Does increased liquidity breed increased innovation?
"It would not surprise me if there was considerable experimentation in the marketplace in terms of structures and appetite. It's an exciting time in the market because the last transportation bill gave us new tools, the financial models themselves are open to competition in terms of risk acceptance, and there's sufficient capital available. Creative and competitive environments are coinciding and we will come out better than anyone could have written down on paper five years ago."

On the limits of concession structures:
"At the end of the day, financing a large percentage of public transportation as public private partnerships is going to be a challenge. Most transportation facilities are not going to pay for themselves on a regular basis. New York's George Washington Bridge you can take to the bank, because the revenue streams are so strong they pay for themselves plus a few other things along the way. But not every section of road and very few sections of rail are going to be able to pay for themselves. There will always be the problem of maximising the financial capacity of whichever set of revenue streams you are able to cobble together."

On the limits of PPP
"Fast forward 15-20 years and I think you'll see 5-10% of US transportation needs being met by PPP projects.
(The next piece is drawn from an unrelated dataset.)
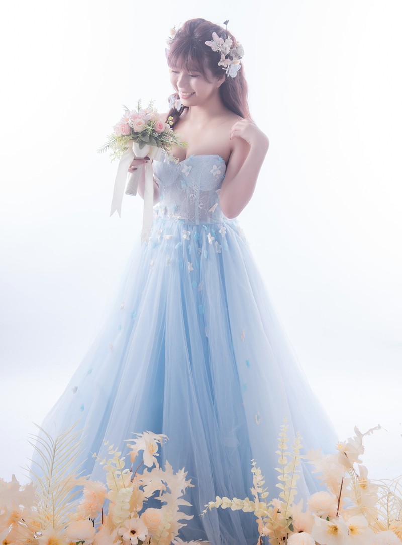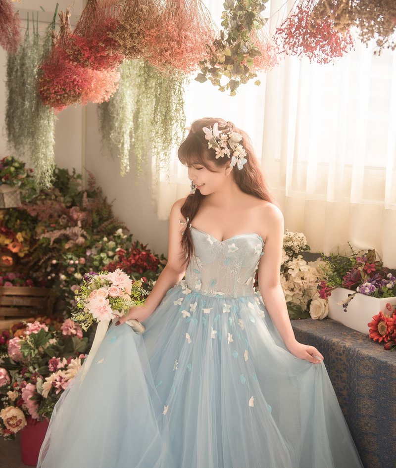 我是選兩套晚禮服一套便服的方案,想呈現不同的風格,所以我跟造型老師、攝影老師也有說明我的需求,自己準備了很多圖片,老師也很用心的幫我安排滿足我的需求,比如我希望有的道具跟動作、拍攝手法。

Out of those the majority will be operating as a shadow toll or an availability-type structure because of political considerations or because the numbers demand it."

On the next bumper concessions:
"The Tappan Zee and New Jersey Turnpike will be operating on a for-profit basis and a state may have paid others for the privilege of taking that on. Those may be the ones that are going to happen first but the market may be creating unrealistic expectations in terms of timing. My bet is within two years New Jersey will begin the process of PPP. Whether it's brownfield or greenfield, it will happen within the next seven years. And the new governor in New York will look at the Tappan Zee Bridge– I'd be shocked if there was no PPP within the next four years."
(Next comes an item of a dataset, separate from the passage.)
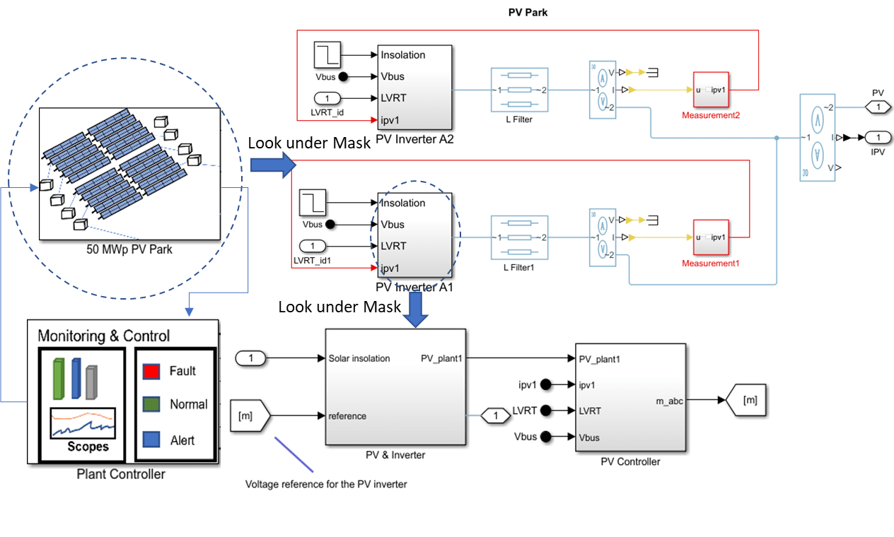 Inside the BESS & PV PARK subsystem, look under the mask of the 50 MWp PV Park subsystem. This subsystem models the PV plant. The PV plant comprises of two three-phase central inverters. Each PV inverter can deliver a maximum power of 50 MW at a temperature of 25 and solar insolation of 1000 . A 4.16 / 24.9 kV distribution transformer connects the PV inverters to a medium voltage power network. The PV inverter operates at its maximum power point (MPP).

On who wins and loses from the pace of change:
"Things that were hard to talk about 10 years ago are now being talked about. Ten years ago you weren't talking about design-build on transportation project. Now on a big project you're looking at design-build and hiring general contractors. Now people are looking at value selections, not low-price selections so the thinking process is changing. But for a private company to stay in business it has to get risk more right than wrong. It's an opportunity for the public sector to capture the added value associated with PPP and for the private sector player to enhance his risk weighted returns. In turn the public gets enhanced facilities earlier and a decision process driven by sound transportation planning and economics, not just political gerrymandering of transportation dollars."
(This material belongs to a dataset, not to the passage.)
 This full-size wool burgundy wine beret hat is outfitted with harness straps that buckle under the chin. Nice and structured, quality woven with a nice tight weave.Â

*This sentence originally read. "The project is likely to be owned by a non-profit 63-20 corporation and the initial financing will come in the form of tax-exempt bonds and sub debt from Fluor and Transurban". Prieto has asked us to clarify that the Commonwealth of Virginia has in fact settled upon a for-profit concession structure, and that, his earlier comments notwithstanding, the sponsors have not made a decision on the use of TIFIA or PAB funding for this section.